» **SUPPLIED DATA**:
***

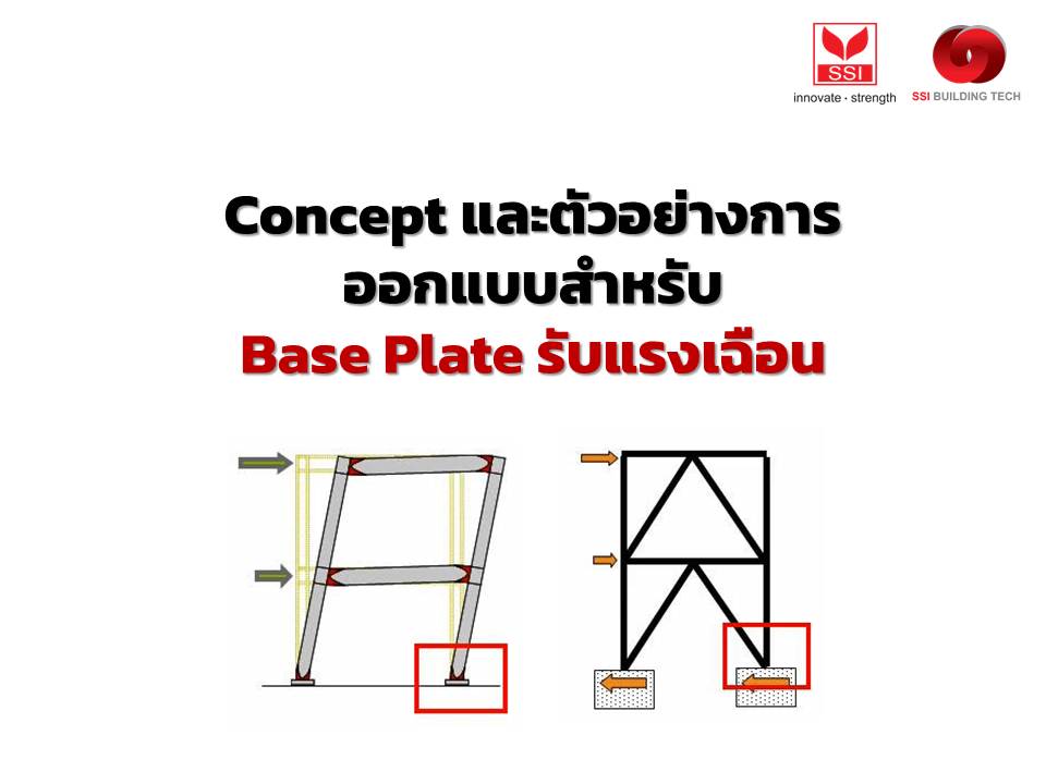 ในอาคารทั่วๆไป เช่น บ้านหรือสำนักงานต่างๆ เราจะพิจารณาแรงกด P (Axial Force) ที่ถ่ายลงมาจากเสาไปยัง Base Plate แล้วจึงเอาไปคำนวณหาความหนาของ Base Plate และคำนวณค่า Strength ของคอนกรีต แต่ในอาคารประเภทโรงงานหรือโกดังเก็บของที่มีช่องเปิดแล้วแรงดันลมภายในที่เป็นแรง uplift จะส่งผลให้เกิดแรงดึงขึ้นที่ column base plate ซึ่งทำให้ต้องพิจารณาและออกแบบด้วยวิธีที่ต่างกับส่วนที่รับแรงอัดเพียงอย่างเดียว
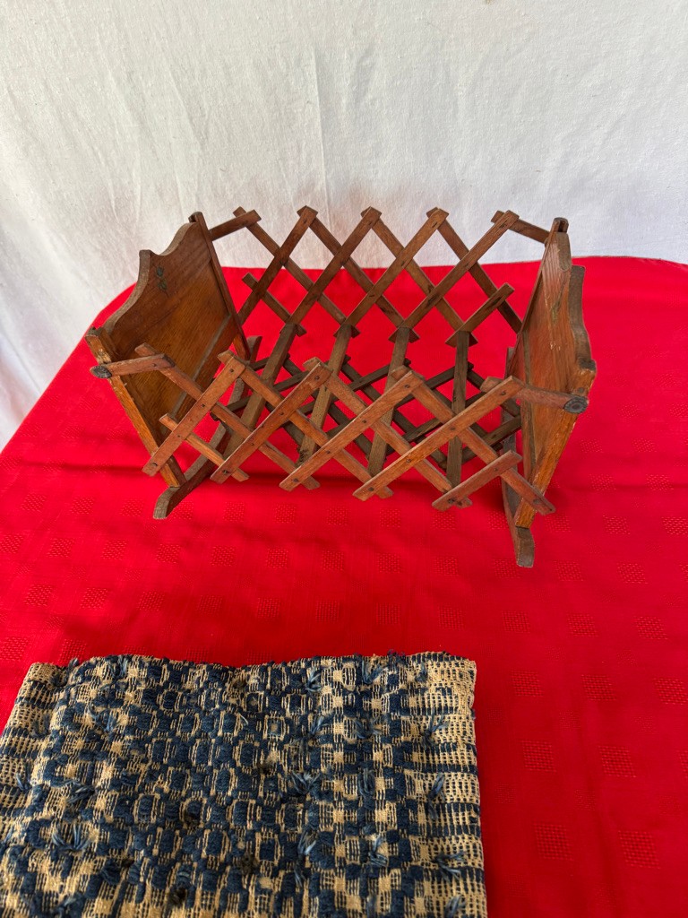 Wooden antique doll cradle 8 1/2 inches tall 10 inches deep and 15 inches long with fabric mattress
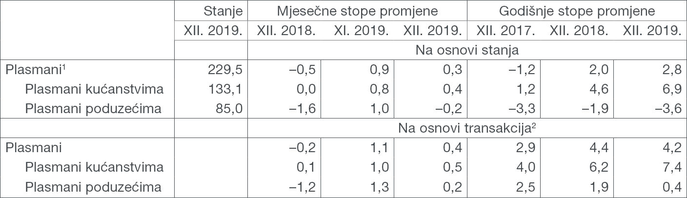 Ukupni plasmani monetarnih institucija domaćim sektorima (osim središnje države) povećali su se u prosincu za 1,0 mlrd. kuna, a njihov se godišnji rast ubrzao na 4,2% na osnovi transakcija (Slika 2.). Pritom su plasmani nefinancijskim poduzećima, nakon šest uzastopnih mjeseci smanjenja, na kraju 2019. zabilježili porast na godišnjoj razini od 0,4%. Tome je, osim neznatnog povećanja novog zaduživanja, u najvećoj mjeri pridonijelo iščezavanje većeg dijela negativnog učinka aktiviranja državnih jamstava brodogradilištima krajem prošle godine, a preostali će dio tih učinaka iščeznuti početkom ove godine. Kada je riječ o stanovništvu, godišnji rast plasmana tom sektoru u prosincu se ubrzao na 7,4% (Tablica 2.). Snažniji rast plasmana stanovništvu bio je potaknut poglavito nastavkom ubrzavanja godišnjeg rasta stambenih kredita, koji je krajem 2019. iznosio 6,4%, što zasigurno odražava i učinke nastavka provođenja programa Vlade RH za subvencioniranje stambenih kredita. Istodobno se godišnji rast gotovinskih nenamjenskih kredita neznatno ubrzao na 11,5%. Godišnji rast nominalnog stanja plasmana, koji je u prosincu iznosio 2,8%, bio je manji od rasta na osnovi transakcija, što je uglavnom bilo posljedica prodaja nenaplativih plasmana poduzećima.

***

» **DIRECTIONS FOR THIS TASK**: Print every line above exactly as given, but not the pictures.

» **YOUR RESPONSE**:
 ในอาคารทั่วๆไป เช่น บ้านหรือสำนักงานต่างๆ เราจะพิจารณาแรงกด P (Axial Force) ที่ถ่ายลงมาจากเสาไปยัง Base Plate แล้วจึงเอาไปคำนวณหาความหนาของ Base Plate และคำนวณค่า Strength ของคอนกรีต แต่ในอาคารประเภทโรงงานหรือโกดังเก็บของที่มีช่องเปิดแล้วแรงดันลมภายในที่เป็นแรง uplift จะส่งผลให้เกิดแรงดึงขึ้นที่ column base plate ซึ่งทำให้ต้องพิจารณาและออกแบบด้วยวิธีที่ต่างกับส่วนที่รับแรงอัดเพียงอย่างเดียว
 Wooden antique doll cradle 8 1/2 inches tall 10 inches deep and 15 inches long with fabric mattress
 Ukupni plasmani monetarnih institucija domaćim sektorima (osim središnje države) povećali su se u prosincu za 1,0 mlrd. kuna, a njihov se godišnji rast ubrzao na 4,2% na osnovi transakcija (Slika 2.). Pritom su plasmani nefinancijskim poduzećima, nakon šest uzastopnih mjeseci smanjenja, na kraju 2019. zabilježili porast na godišnjoj razini od 0,4%. Tome je, osim neznatnog povećanja novog zaduživanja, u najvećoj mjeri pridonijelo iščezavanje većeg dijela negativnog učinka aktiviranja državnih jamstava brodogradilištima krajem prošle godine, a preostali će dio tih učinaka iščeznuti početkom ove godine. Kada je riječ o stanovništvu, godišnji rast plasmana tom sektoru u prosincu se ubrzao na 7,4% (Tablica 2.). Snažniji rast plasmana stanovništvu bio je potaknut poglavito nastavkom ubrzavanja godišnjeg rasta stambenih kredita, koji je krajem 2019. iznosio 6,4%, što zasigurno odražava i učinke nastavka provođenja programa Vlade RH za subvencioniranje stambenih kredita. Istodobno se godišnji rast gotovinskih nenamjenskih kredita neznatno ubrzao na 11,5%. Godišnji rast nominalnog stanja plasmana, koji je u prosincu iznosio 2,8%, bio je manji od rasta na osnovi transakcija, što je uglavnom bilo posljedica prodaja nenaplativih plasmana poduzećima.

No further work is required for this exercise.